Work task: Once the line containing "Fig 1. The results" is found in the entries below, reproduce it and every line after it, stopping at and including the line containing "Fig 1. and Fig"; reproduce nothing else, and keep each line exact.

*** Information supplied ***

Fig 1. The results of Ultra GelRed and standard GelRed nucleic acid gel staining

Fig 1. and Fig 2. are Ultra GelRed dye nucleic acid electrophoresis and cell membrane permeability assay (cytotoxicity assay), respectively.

*** End of Information supplied ***
*** Information supplied ***

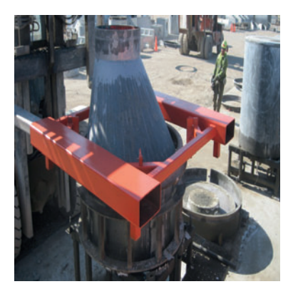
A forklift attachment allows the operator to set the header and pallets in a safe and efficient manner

*** End of Information supplied ***
*** Information supplied ***

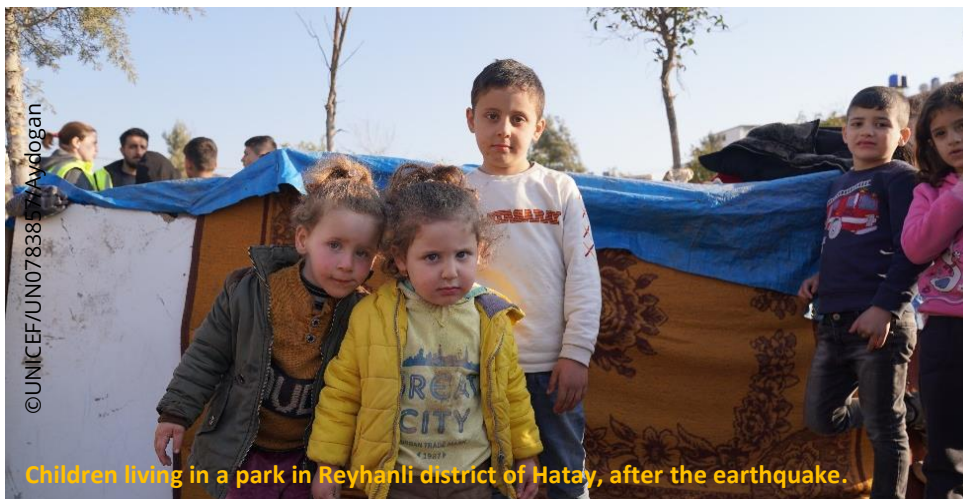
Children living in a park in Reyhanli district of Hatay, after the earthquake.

*** End of Information supplied ***

Result of the task:
Fig 1. The results of Ultra GelRed and standard GelRed nucleic acid gel staining

Fig 1. and Fig 2. are Ultra GelRed dye nucleic acid electrophoresis and cell membrane permeability assay (cytotoxicity assay), respectively.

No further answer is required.